Long Links & Short Links

  • In HTTP/1.0, short connections are used by default. That is to say, every time the browser and the server perform an HTTP operation, a connection is established, but the connection is terminated when the task ends. If an HTML or other type of web page accessed by the client browser
    contains other web resources, such as JavaScript files, image files, CSS files, etc.; when the browser encounters such a web resource, it will create a HTTP sessions.
  • But starting from HTTP/1.1, long connections are used by default to maintain connection characteristics. Using the HTTP protocol of long connection, this line of code will be added in the response header: Connection:keep-alive
  • In the case of using a long connection, when a webpage is opened, the TCP connection used to transmit HTTP data between the client and the server
    will not be closed. If the client visits the webpage on this server again, it will continue to use this one. connection established. Keep-Alive will not keep the connection forever, it has a keep time, which can be set in different server software (such as Apache). To implement a persistent connection, both the client and the server must support persistent connections.

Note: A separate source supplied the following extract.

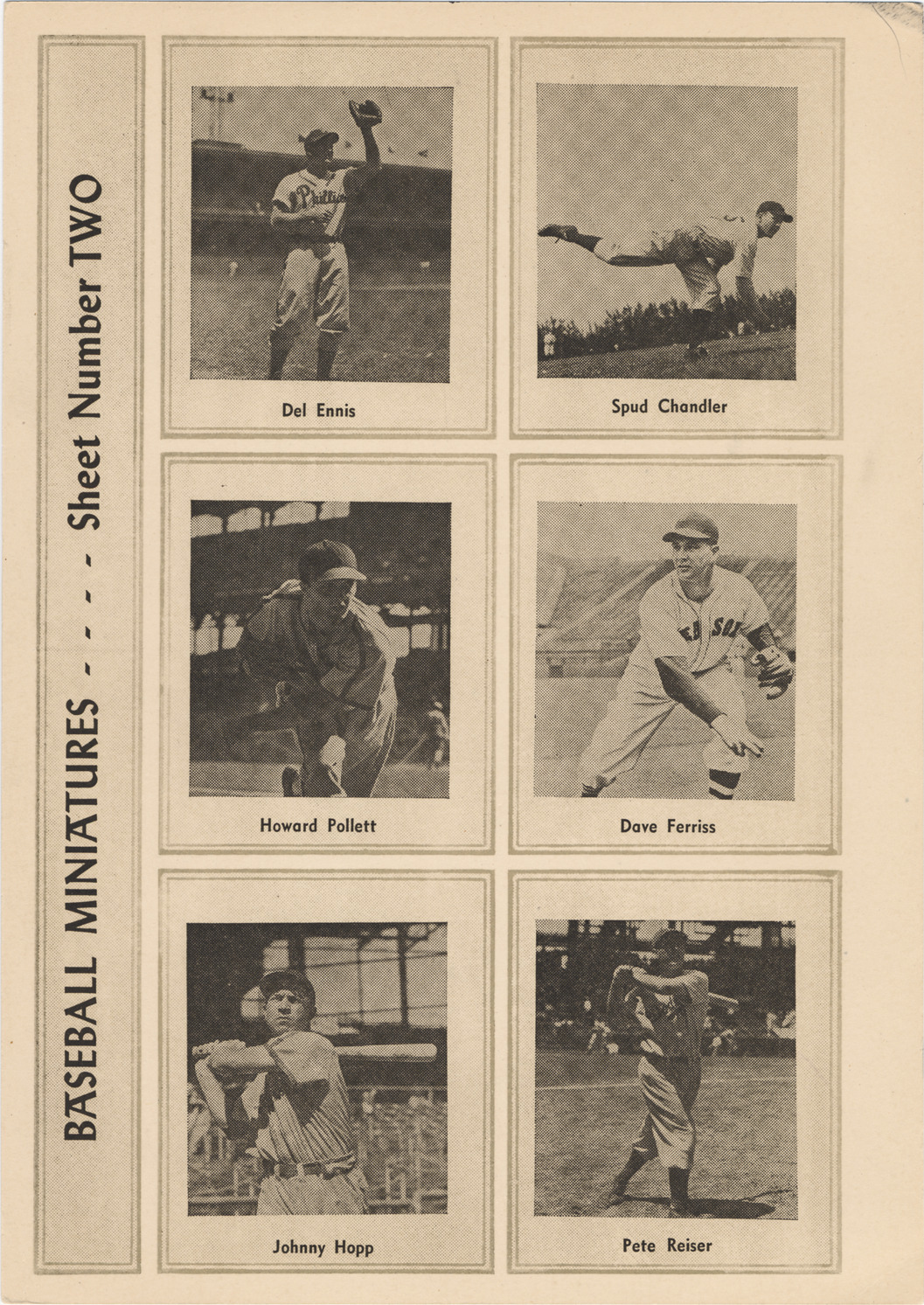 Individual portraits of baseball players Del Ennis, Spud Chandler, Howie Pollet, Dave Ferriss, Johnny Hopp and Pete Reiser. Printed on front: "Baseball miniatures, sheet number two. Del Ennis, Spud Chandler, Howard Pollett [sic], Dave Ferriss, Johnny Hopp, Pete Reiser."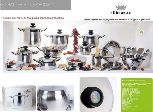 Batteria Pentole Bavaria Ottingher Linea Silhouette 44 Pezzi Acciaio Inox 18/10 Lucidato A Specchio A Triplo Fondo

The principle that the page is reset when searching for sensitive words

According to the regulations of the TCP protocol, a three-way handshake is required to establish a connection between the user and the server: the first handshake, the user sends a SYN packet to the server to send a request (SYN, x:0), and the second handshake server sends a SYN/ACK packet to the user Response (SYN/ACK, y:x+1), the third handshake user sends an ACK packet to the server to issue a confirmation (ACK, x+1:y+1), so far a TCP connection is successfully established. Where x is the serial number sent by the user to the server, and y is the serial number sent by the server to the user.
Keyword detection, for plaintext or base64 and other weakly encrypted communication content, match with the prepared sensitive word library, when sensitive words are found, change the SYN/ACK packet sent back by the server to SYN/ACK, Y:0, this It means that the TCP connection is reset, and the user voluntarily gives up the connection, prompting that the connection failed. Let the user mistakenly think that the server refuses to connect, and voluntarily give up the connection with the server, and automatically block the recording of web pages containing sensitive words

IP

IP address classification

Class A: 1-byte (8-bit) network number, 3-byte (24-bit) host number. The first digit of the network number is fixed at 0, and the remaining 7 digits can be used freely. Reserved address 0 (00000000) means "this article network", 127 (01111111) means local loopback software test

Class B: 2-byte (16-bit) network number, 2-byte (16-bit) host number. The first two digits of the network number are fixed at 10, and the remaining 16 digits can be used freely. reserved address

Class C: 3-byte (24-bit) network number, 1-byte (8-bit) host number. The first three digits are fixed at 110, and the remaining 21 digits are available.

Class D:

Class E:

An IP address whose host ID is all 0s indicates a single network to which "this host" is connected.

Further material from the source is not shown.